Archives For Big data

A new study emphasizing the value of predictive analytics for predicting energy consumption, co-authored with M. Castelli, L. Trujillo, and L. Vanneschi, is scheduled to appear in September 2015 issue of Energy and Buildings. The work titled Prediction of energy performance of residential buildings: A genetic programming approach shows – through an experimental research based on real-data – how utilizing predictive analytics can assist the prediction of energy consumption in residential buildings. Abstract:

Energy consumption has long been emphasized as an important policy issue in today’s economies. In particular, the energy efficiency of residential buildings is considered a top priority of a country’s energy policy. The paper proposes a genetic programming-based framework for estimating the energy performance of residential buildings. The objective is to build a model able to predict the heating load and the cooling load of residential buildings. An accurate prediction of these parameters facilitates a better control of energy consumption and, moreover, it helps choosing the energy supplier that better fits the energy needs, which is considered an important issue in the deregulated energy market. The proposed framework blends a recently developed version of genetic programming with a local search method and linear scaling. The resulting system enables us to build a model that produces an accurate estimation of both considered parameters. Extensive simulations on 768 diverse residential buildings confirm the suitability of the proposed method in predicting heating load and cooling load. In particular, the proposed method is more accurate than the existing state-of-the-art techniques.

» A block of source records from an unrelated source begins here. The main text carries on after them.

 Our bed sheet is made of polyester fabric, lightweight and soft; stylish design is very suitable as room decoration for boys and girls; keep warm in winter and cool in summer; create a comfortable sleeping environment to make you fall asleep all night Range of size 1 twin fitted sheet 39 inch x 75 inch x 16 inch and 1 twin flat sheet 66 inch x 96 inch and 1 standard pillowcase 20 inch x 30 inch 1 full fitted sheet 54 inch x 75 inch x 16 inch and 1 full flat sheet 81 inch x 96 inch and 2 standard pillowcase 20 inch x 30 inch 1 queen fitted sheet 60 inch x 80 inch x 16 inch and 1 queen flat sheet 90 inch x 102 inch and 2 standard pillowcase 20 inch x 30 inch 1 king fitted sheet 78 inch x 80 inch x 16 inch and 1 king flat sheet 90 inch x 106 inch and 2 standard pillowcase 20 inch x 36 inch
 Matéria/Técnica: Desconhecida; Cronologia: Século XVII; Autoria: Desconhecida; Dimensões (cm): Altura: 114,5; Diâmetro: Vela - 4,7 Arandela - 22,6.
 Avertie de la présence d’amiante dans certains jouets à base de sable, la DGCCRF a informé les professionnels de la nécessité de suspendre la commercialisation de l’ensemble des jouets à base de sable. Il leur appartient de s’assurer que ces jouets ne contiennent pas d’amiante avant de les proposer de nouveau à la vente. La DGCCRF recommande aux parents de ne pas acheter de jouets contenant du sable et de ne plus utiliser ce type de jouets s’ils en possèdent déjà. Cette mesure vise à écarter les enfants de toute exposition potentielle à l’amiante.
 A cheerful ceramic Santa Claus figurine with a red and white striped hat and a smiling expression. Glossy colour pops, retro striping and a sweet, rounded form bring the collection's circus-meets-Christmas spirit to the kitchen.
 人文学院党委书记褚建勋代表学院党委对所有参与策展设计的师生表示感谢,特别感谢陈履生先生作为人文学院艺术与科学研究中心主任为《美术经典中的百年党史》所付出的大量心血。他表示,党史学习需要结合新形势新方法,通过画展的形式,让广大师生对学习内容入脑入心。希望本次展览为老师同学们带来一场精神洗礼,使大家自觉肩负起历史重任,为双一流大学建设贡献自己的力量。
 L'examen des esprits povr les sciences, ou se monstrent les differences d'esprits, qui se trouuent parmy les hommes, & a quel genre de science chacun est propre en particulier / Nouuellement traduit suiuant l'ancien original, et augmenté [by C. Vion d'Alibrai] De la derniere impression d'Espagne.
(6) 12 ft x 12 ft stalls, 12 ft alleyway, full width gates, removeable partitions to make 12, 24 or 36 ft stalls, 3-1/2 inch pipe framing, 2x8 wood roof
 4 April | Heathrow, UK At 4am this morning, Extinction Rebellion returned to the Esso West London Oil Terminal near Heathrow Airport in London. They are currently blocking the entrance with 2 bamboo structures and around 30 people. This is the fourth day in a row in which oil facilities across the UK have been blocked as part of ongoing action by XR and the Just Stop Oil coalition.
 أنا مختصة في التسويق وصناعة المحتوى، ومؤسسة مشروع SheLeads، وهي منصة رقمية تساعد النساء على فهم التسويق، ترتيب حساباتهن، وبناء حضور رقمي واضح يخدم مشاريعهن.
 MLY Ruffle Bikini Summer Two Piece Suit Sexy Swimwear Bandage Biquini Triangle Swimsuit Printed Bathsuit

Predicting natural disasters

Thursday, April 2, 2015

A new publication emphasizing the role of predictive analytical capabilities in natural disaster management, co-authored with M. Castelli and L. Vanneschi (2015): Predicting Burned Areas of Forest Fires: An Artificial Intelligence Approach appeared in one of the most prestigious international journals in fire ecology field. Abstract:

The ability of accurately predicting forest fire areas may significantly aid optimizing fire management efforts. Given the complexity of the task, powerful computational tools are needed for predicting the amount of area that will be burned during a forest fire. The purpose of this study was to develop an intelligent system based on genetic programming for the prediction of burned areas, using only data related to the forest under analysis and meteorological data. We used geometric semantic genetic programming based on recently defined geometric semantic genetic operators for genetic programming. Experimental results showed the appropriateness of the proposed system for the prediction of the burned areas. In particular, the obtained results were significantly better than those produced by standard genetic programming and other state of the art machine learning methods.